▶ WHAT IS EXPECTED:
Instruction for the entries below: return the part that opens with the line containing "以太币期货的看跌趋势与长期持" and closes with the line containing "Moderner gestreifter Ölfeldentwurf.", exactly, and no pictures.

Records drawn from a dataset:
..............................

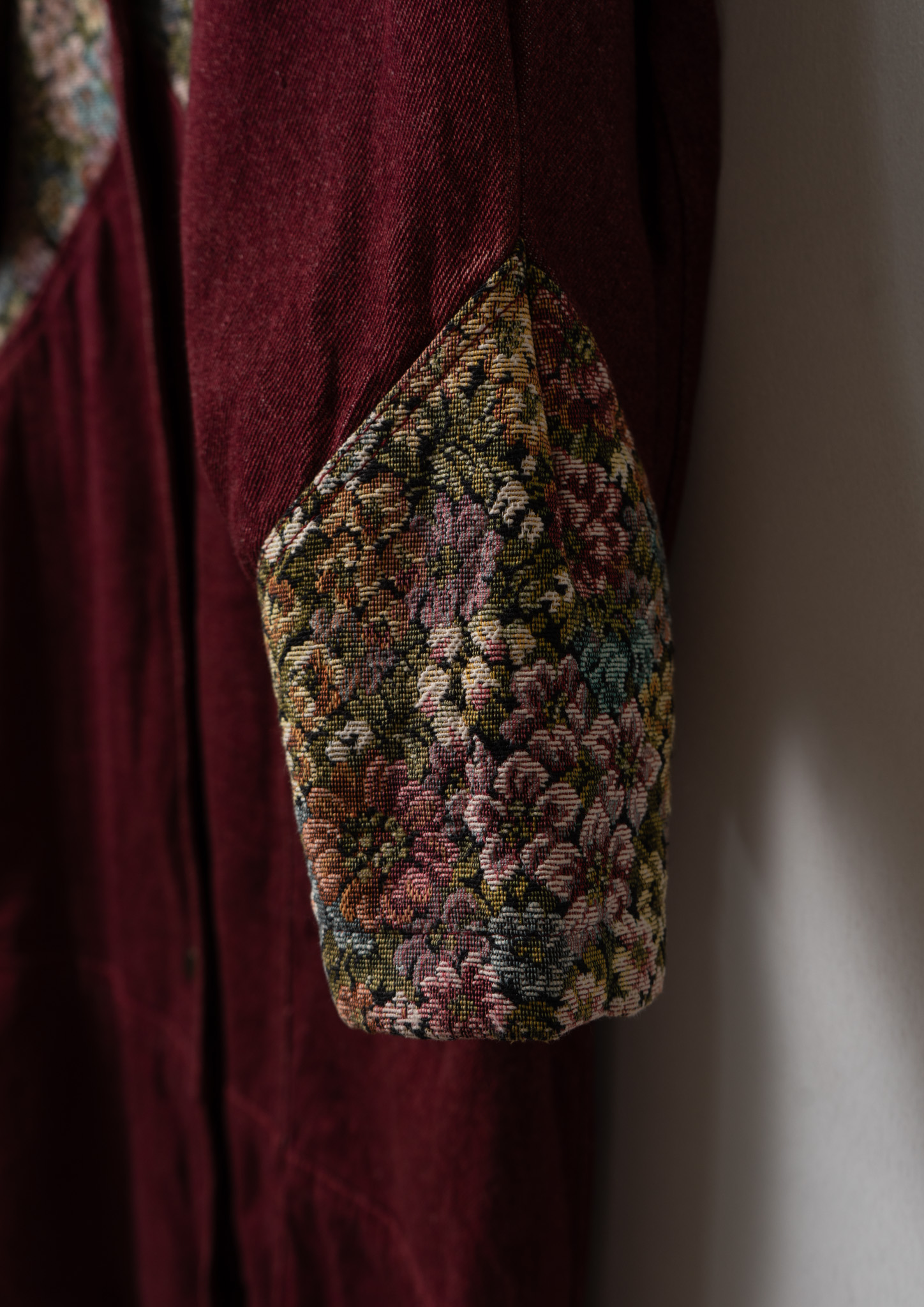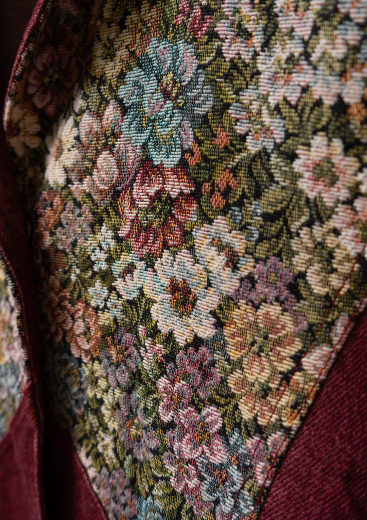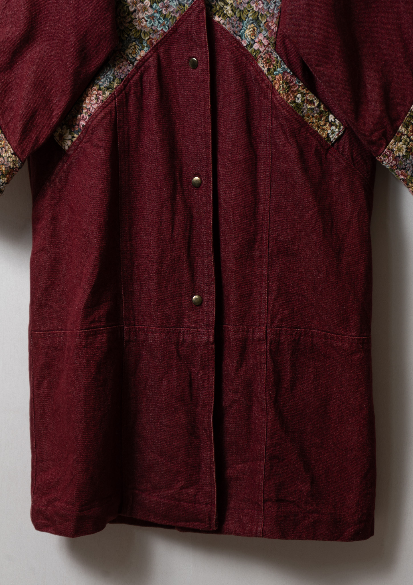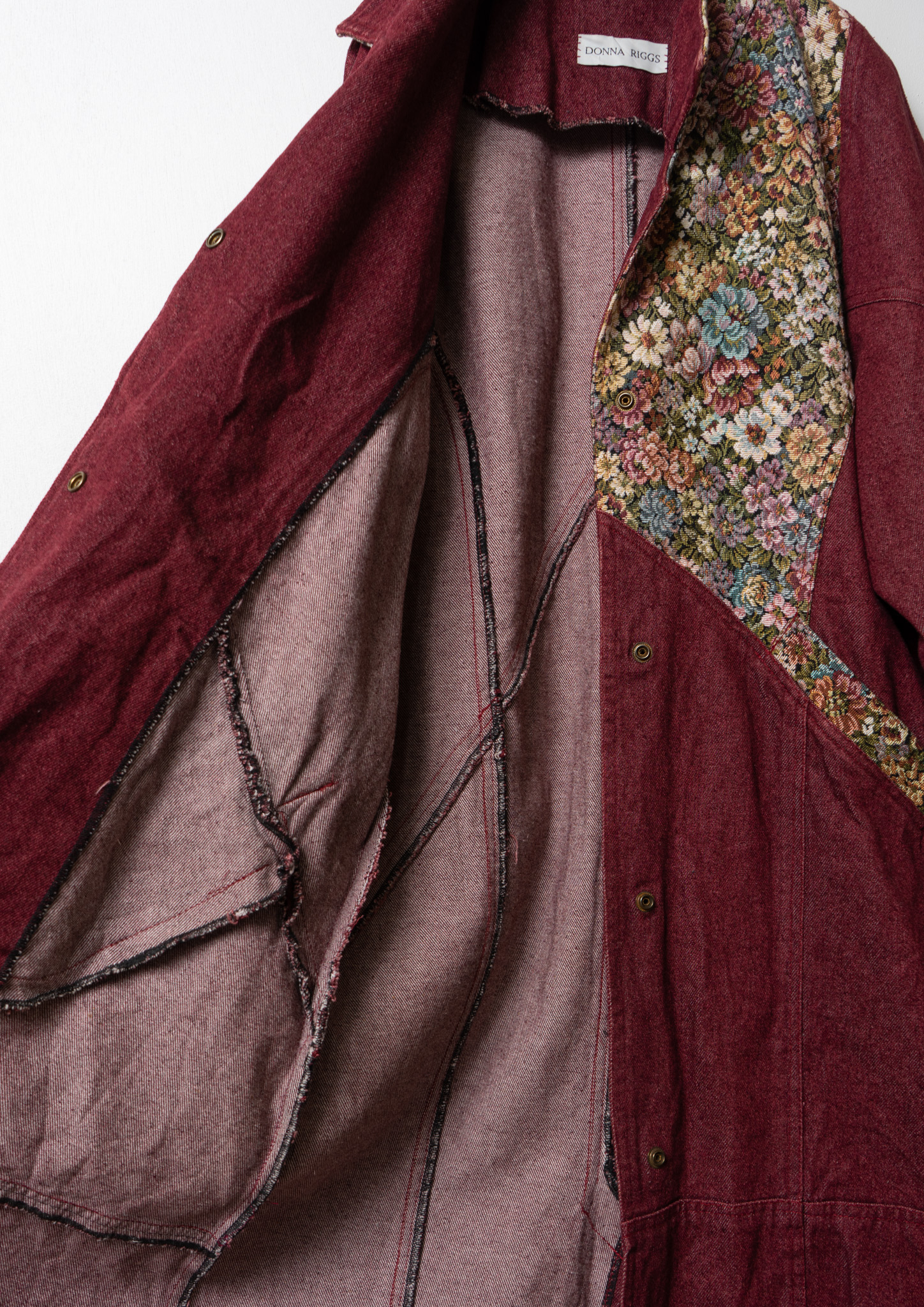 80's Flower Gobelin Pattern Bordeaux Denim Coat
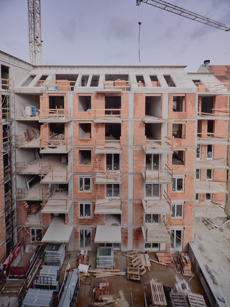 A depózásra sem volt lehetőség a közterületen, ezért azt is az épülő épületen belül oldották meg: a pinceszintet és – miután elkészült – a kívülről akadálymentesen megközelíthető földszintet használtákerre a célra. Az ilyen típusú kötöttségek miatt nagyon fontos volt az organizáció pontos betartása, de még ezzel együtt is, a kedvezőtlen felvonulási lehetőség és az alapozási nehézségek miatt a kivitelezés ideje egy átlagos, hasonló léptékű társasház építési idejét közel egy évvel haladta meg – tudtuk meg a beruházótól.
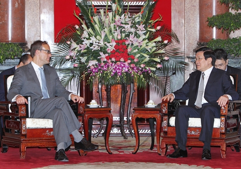 | Le président du Vietnam, Truong Tân Sang (droite), a reçu le 23 avril à Hanoi l'ambassadeur Demetrios James Marantis, représentant p.i. au commerce des États-Unis. |
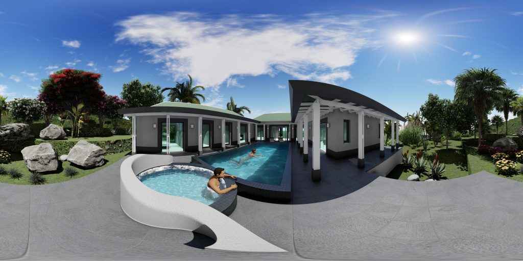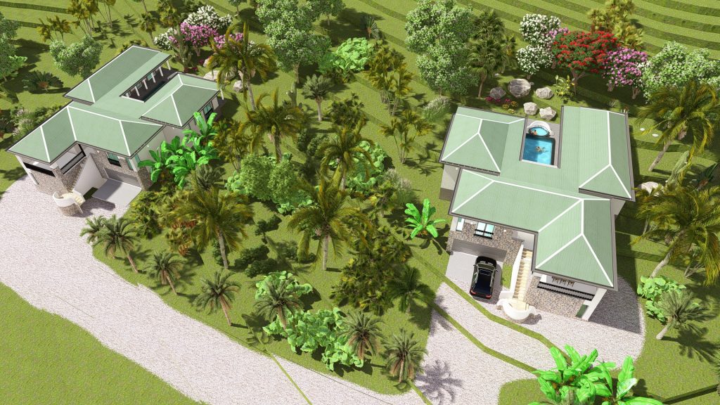 The site sits at a lower elevation, without ocean views, and offers limited privacy for conventional ‘’sint maarten style’’ outdoor pool arrangements. In response, the design reinterprets the typical villa layout by positioning the pool within an elevated inner courtyard. This unconventional approach transforms a constraint into a defining feature, creating a secluded, serene patio that offers an exceptional sense of tranquility.
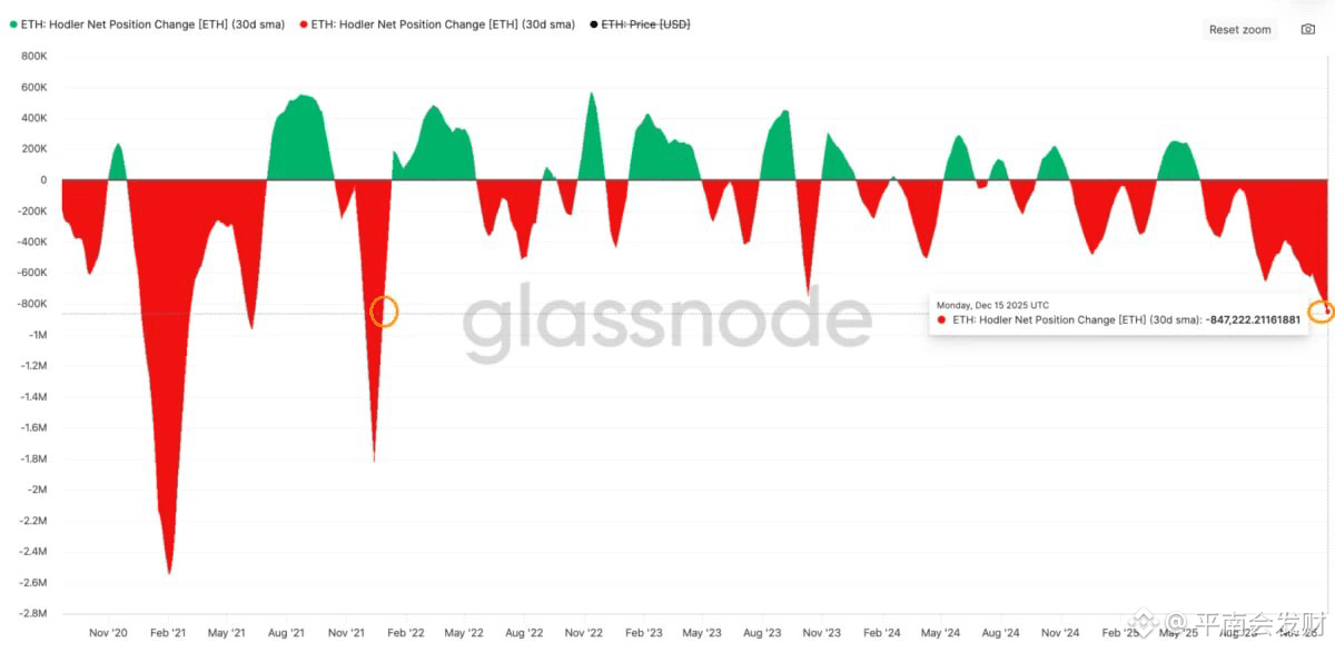 以太币期货的看跌趋势与长期持有者供应量下降同时发生,过去30天内减少了847,222枚币,这是自2021年1月以来的最大降幅。这进一步增加了卖方压力,导致ETH难以站稳3000美元关口。
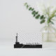 Moderner gestreifter Ölfeldentwurf. Eine schwarze Erdölbohrungs-Anlage-Silhouette mit einem modernen weißen und grauen gestreiften Hintergrund. Nach der Personifizierung dieser Schablone, können Sie beschließen "zu klicken, um weiter besonders anzufertigen" und die Grau farbigen Streifen zu einer Farbe Ihres Wählens zu ändern. Wenn Sie beschließen, die Farbe des Hintergrundes zu ändern, vergessen Sie nicht, die Farbe des grauen Streifens des Singles nahe der Unterseite zu ändern, die auch verlassen wird.
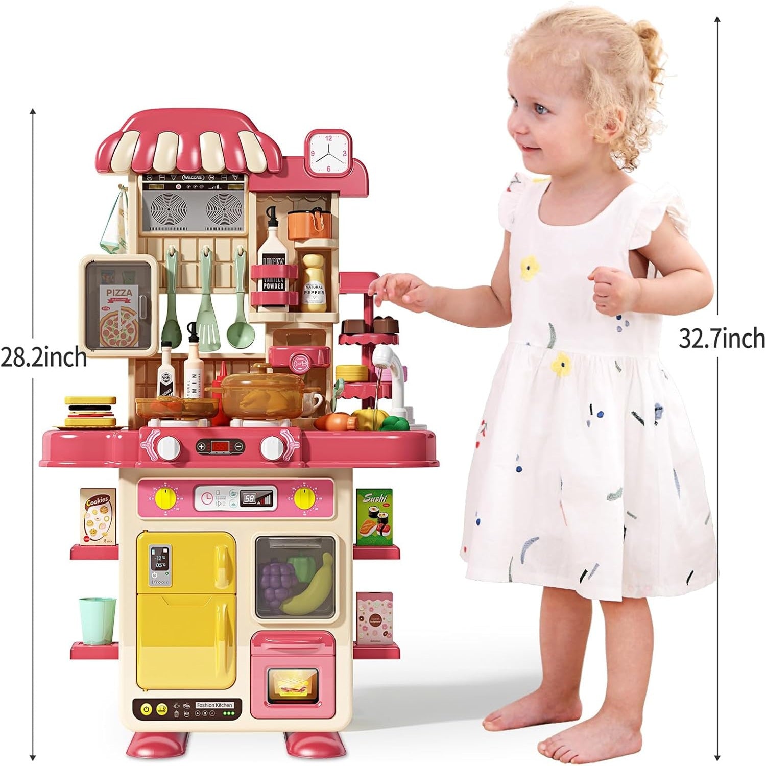 【Realistic Kitchen Set Toys of High Quality】The play kitchen with sound and lights is made of safe, child-friendly and durable material.Height 28.2 inches,whole figure is also well designed, glaring with vitality and childlike delight,which will absolutely bring great fun to your little guys.
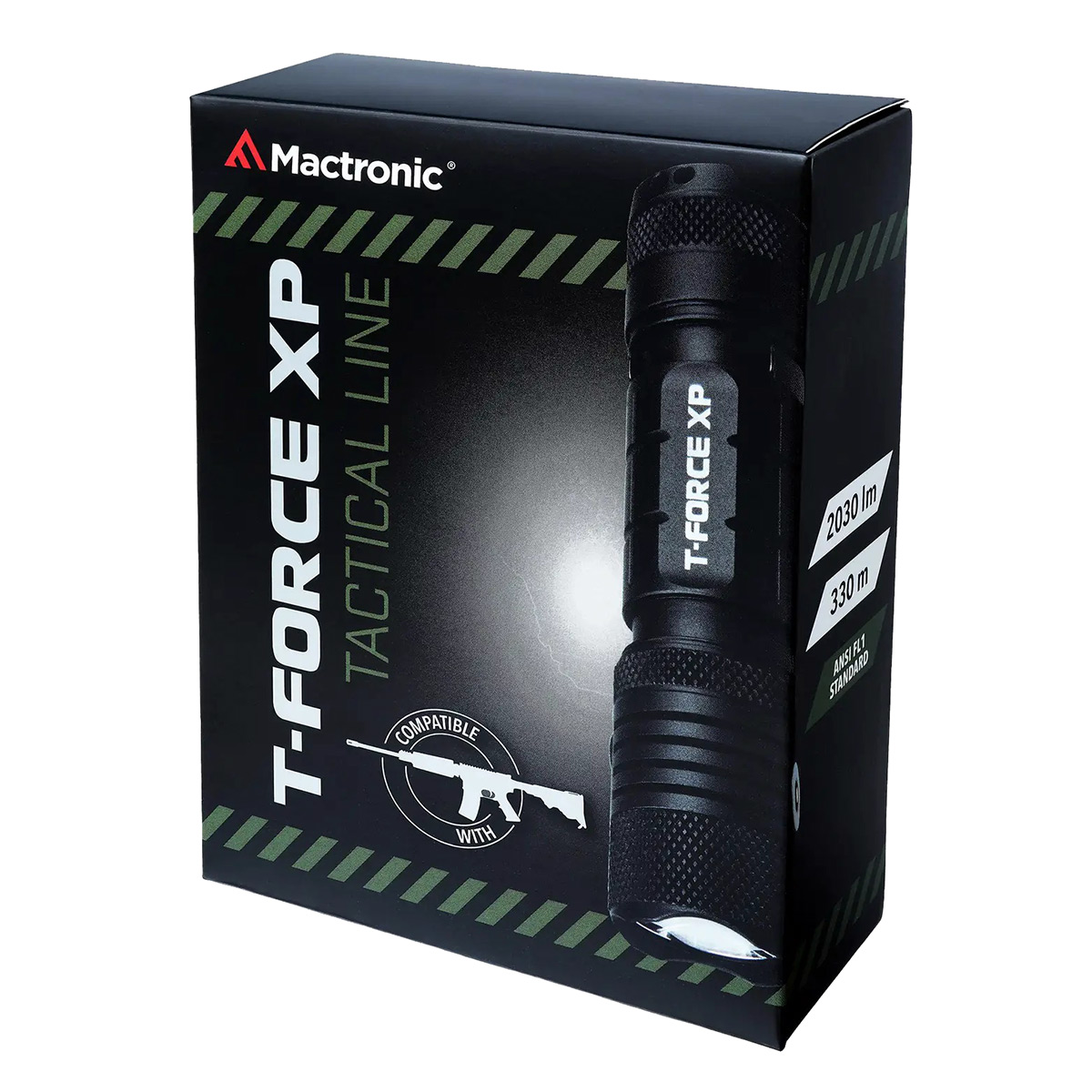 Mactronic T-Force XP (2030 Лм) — компактний та одночасно потужний далекобійний ліхтар, який призначений для роботи в екстремальних умовах. Відноситься до нового покоління тактичних ліхтарів відомого польського бренду Mactronic і є відмінним вибором для військових, працівників охоронних організацій та силових структур. Дану модель можна додатково укомплектувати підствольним кріпленням стандарту Picatinny і виносною кнопкою дистанційного керування.
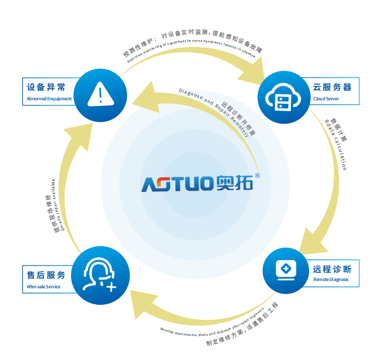 通過采集設(shè)備動態(tài)信息、檢測機(jī)組運(yùn)作狀態(tài)、分析運(yùn)行數(shù)據(jù)和診斷設(shè)備故障,不僅提高了售后維護(hù)效率及設(shè)備運(yùn)行可靠性,保障了維修質(zhì)量,降低了設(shè)備故障停機(jī)時間,延長了機(jī)組運(yùn)行周期,實(shí)現(xiàn)了設(shè)備的高效、穩(wěn)定、連續(xù)使用,形成完整的售后維護(hù)的預(yù)知維修集成化平臺管理”。
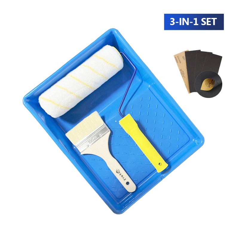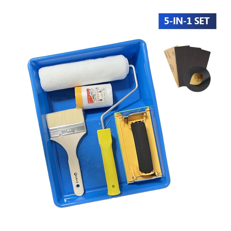 In the Set: 4" Goat Hair Brush, 9" Roller, 9" Paint Tray (3-IN-1) / +55cm Sheet, Sand Paper Holder (5-IN-1) / +1.1M Paint Rod (6-IN-1)
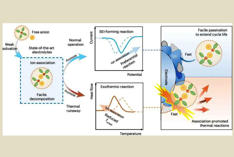 The team from China’s University of Hong Kong discovered an ion association in electrolytes that lowered the temperature inside lithium-ion batteries. This is a technical term for a chemical reaction, whereby ions of opposite electric charge come together in solution to form a distinct chemical entity.
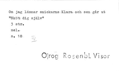 //// Om jag lämnar snickarns Klara och sen går ut //// "Sköt dig själv" //// 3 str. //// mel. //// s. 18 //// 0:rog R o r, e n VisoC ////
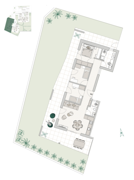 Die Wohnung befindet sich im Erdgeschoss (Haus M) und besteht aus einer geräumigen Wohnküche, drei Schlafzimmern, zwei Bädern, einer Terrasse mit großem Garten und einem Kellerraum. Eine Garagenbox kann zusätzlich erworben werden.
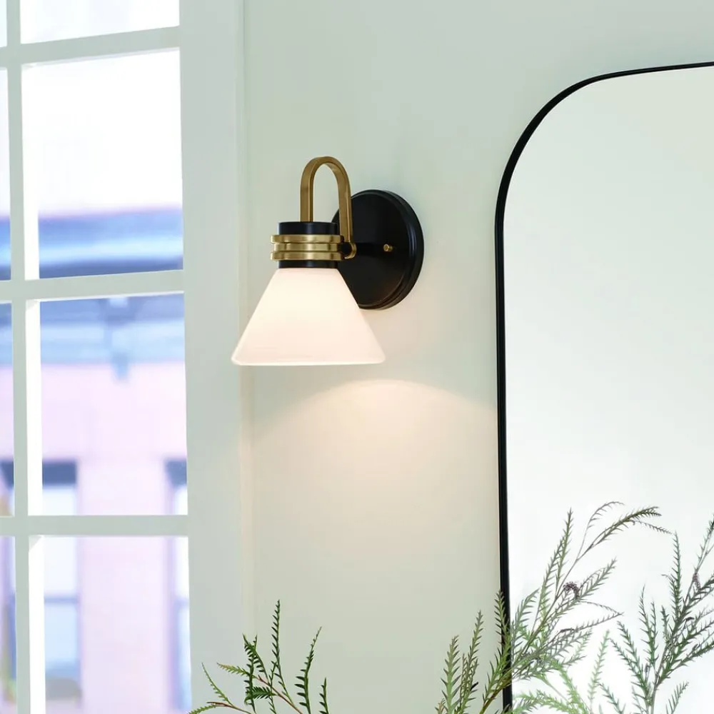 Væglampe Farum 1 består af et stålstel og en opal hvid, kegleformet skærm i glas og er takket være kapslingsgrad IP44 perfekt til badeværelset, hvor den placeret ved siden af spejle giver et flot look og harmonisk belysning. Lampen med G9-fatning leveres med LED-pære med varmhvid lysfarve, som er nem at udskifte.
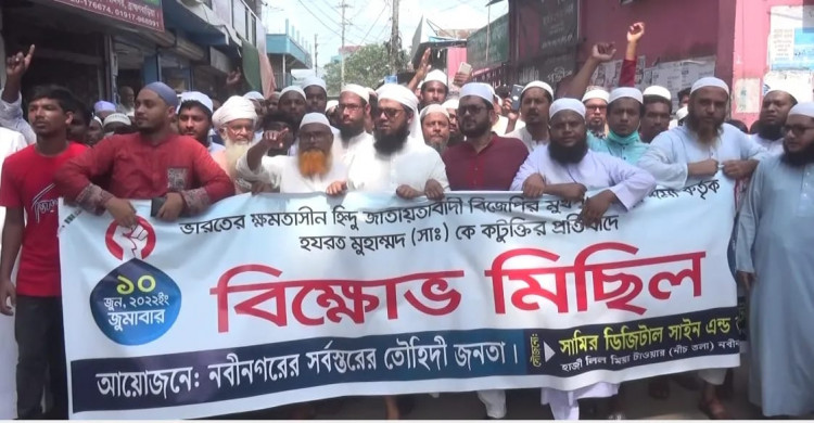 ভারতের ক্ষমতাসীন দলের দুই নেতা বিশ্বমহানবী হযরত মোহাম্মদ (সা.) কে নিয়ে আপত্তির মন্তব্যের প্রতিবাদে ব্রাহ্মণবাড়িয়ার নবীনগরে বিক্ষোভ মিছিল করেছে হাজারো তৌহিদী জনতা।
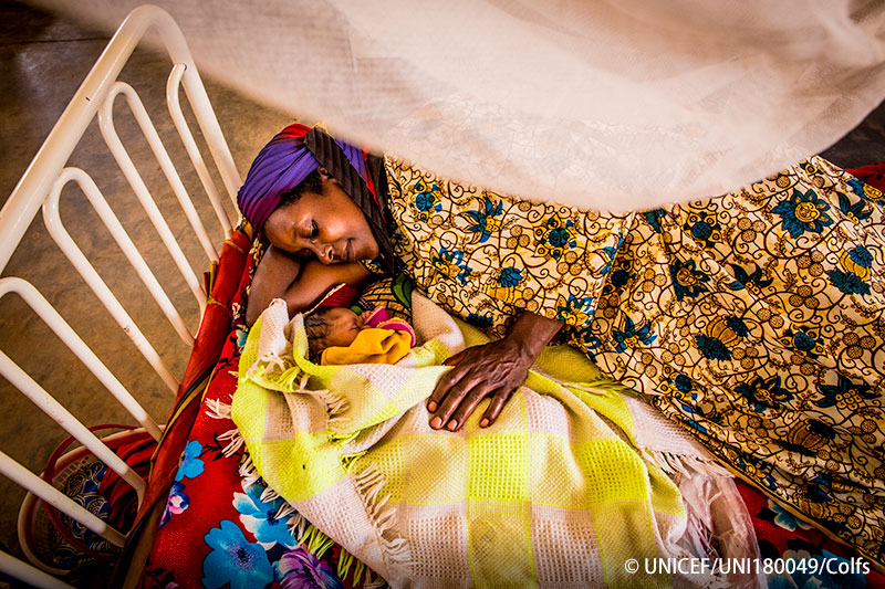 マラリアは予防が可能な病気です。ユニセフは、夜眠るときに蚊にさされないようにするための蚊帳(かや)を届けたり、学校や保健センターでの消毒剤および虫除け剤の散布をおこなっています。

..............................

▶ SOLUTION:
 以太币期货的看跌趋势与长期持有者供应量下降同时发生,过去30天内减少了847,222枚币,这是自2021年1月以来的最大降幅。这进一步增加了卖方压力,导致ETH难以站稳3000美元关口。
 Moderner gestreifter Ölfeldentwurf. Eine schwarze Erdölbohrungs-Anlage-Silhouette mit einem modernen weißen und grauen gestreiften Hintergrund. Nach der Personifizierung dieser Schablone, können Sie beschließen "zu klicken, um weiter besonders anzufertigen" und die Grau farbigen Streifen zu einer Farbe Ihres Wählens zu ändern. Wenn Sie beschließen, die Farbe des Hintergrundes zu ändern, vergessen Sie nicht, die Farbe des grauen Streifens des Singles nahe der Unterseite zu ändern, die auch verlassen wird.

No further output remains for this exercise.